Work task — Only the lines running from the line with "(0) | 2023.02.09 |" to the end of the listing below should be copied, exactly, without pictures.

Available data —

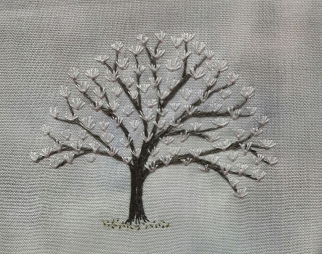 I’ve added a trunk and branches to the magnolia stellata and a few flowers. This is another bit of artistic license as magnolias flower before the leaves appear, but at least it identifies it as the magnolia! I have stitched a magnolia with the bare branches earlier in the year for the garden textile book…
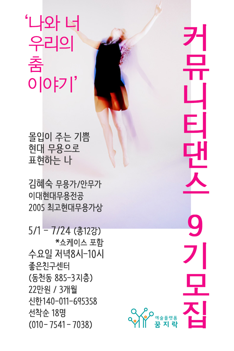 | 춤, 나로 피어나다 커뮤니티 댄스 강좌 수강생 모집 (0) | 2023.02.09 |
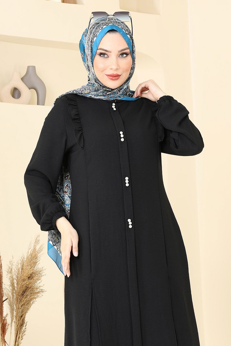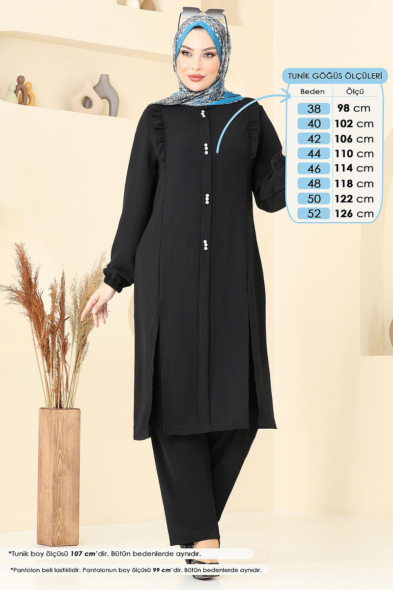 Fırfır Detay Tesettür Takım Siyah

Your response —
 | 춤, 나로 피어나다 커뮤니티 댄스 강좌 수강생 모집 (0) | 2023.02.09 |
 Fırfır Detay Tesettür Takım Siyah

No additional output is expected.